Toujours en grève, le syndicat des enseignants à l’université des Comores (Sneuc) déplore un mauvais climat social. Depuis quatre mois, il se plaint du silence du gouvernement qui, en dépit de la grève des enseignants, fait la sourde oreille à leurs revendications. Les enseignants devaient effectuer la rentrée universitaire le 1er septembre dernier, selon l’arrêté du ministère portant calendrier 2025-2026. Hélas une reprise inopérante. Devant la presse, Youssouf Boinaheri, secrétaire général du Sneuc a regretté un arrêté sans effet.
Le torchon continue de brûler entre le syndicat des enseignants à l’université et les autorités éducatives. Ces dernières sont restées muettes face aux revendications depuis déjà quatre mois. Le Sneuc ne décolère pas. La semaine dernière, le ministère de l’éducation nationale et de l’enseignement supérieur a publié un arrêté fixant la rentrée des enseignants au 1er septembre dernier. Devant la presse le 2 septembre, le secrétaire général du Sneuc Youssouf Boinaheri, n’a pas mâché ses mots. Il a d’abord regretté un arrêté hors format administratif. « D’ailleurs, le ministre de l’éducation devait signer deux arrêtés : un arrêté portant calendrier scolaire et un arrêté portant calendrier universitaire. Mais les reprises des deux niveaux d’enseignement ne peuvent pas être définies dans un seul arrêté. C’est hors cadre administratif », a martelé le conférencier.
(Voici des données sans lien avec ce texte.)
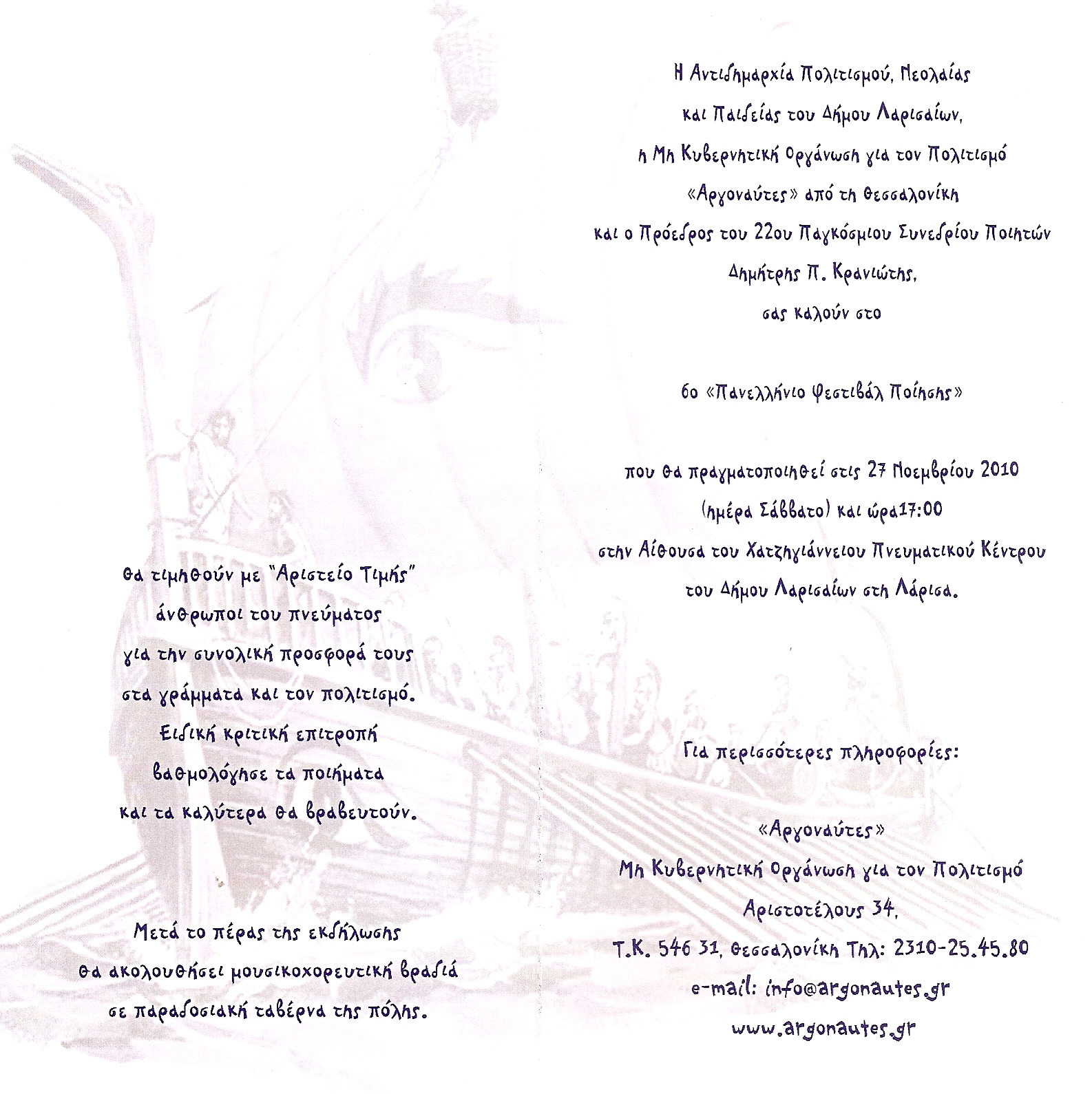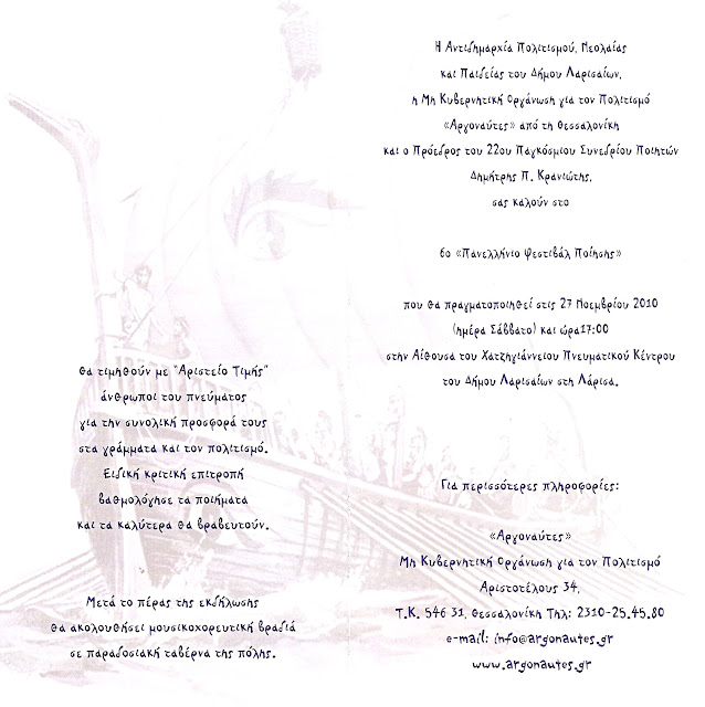 Η Αντιδημαρχία Πολιτισμού, Νεολαίας και Παιδείας του Δήμου Λαρισαίων, η Μη Κυβερνητική Οργάνωση για τον Πολιτισμό «Αργοναύτες» από τη Θεσσαλονίκη και ο Πρόεδρος του 22ου Παγκόσμιου Συνεδρίου Ποιητών κ. Δημήτρης Π. Κρανιώτης, σας καλούν στο

A en croire le ministre de l’éducation nationale, il y aurait eu mauvaise gouvernance, en parlant de « 400 millions mal gérés à l’université ». Et le leader syndical de s’interroger en quoi « les enseignants seraient responsables de cette mauvaise gestion d’une somme aussi importante ? Sinon, pourquoi les enseignants en paient le prix ? » Car, poursuit-il, « lorsqu’on parle de mauvaise gestion d’une telle somme dans une administration, normalement, on diligente une enquête pour identifier les coupables ».
Ce dernier a également taclé le ministre Mvoulana qui accuse les enseignants d’incompétence. « Pourquoi tant de haine sur les enseignants. Pourquoi une telle bassesse de la part de notre ministre. C’est inadmissible ! Les enseignants font proprement leur travail. Mais ce sont nos responsables qui ne sont pas à la hauteur de répondre à leurs obligations ». Le chef syndicaliste a décrit des responsables qui ne sont même pas en mesure de trouver une stratégie d’entente avec les grévistes pour désamorcer la crise qui secoue l’université. Mais des responsables qui prennent des décisions sans consultation des concernés. Pour les enseignants, ils n’ont clôturé l’année universitaire 2024-2025, et donc il est impossible d’entamer une nouvelle année académique sans satisfaction de leurs revendications.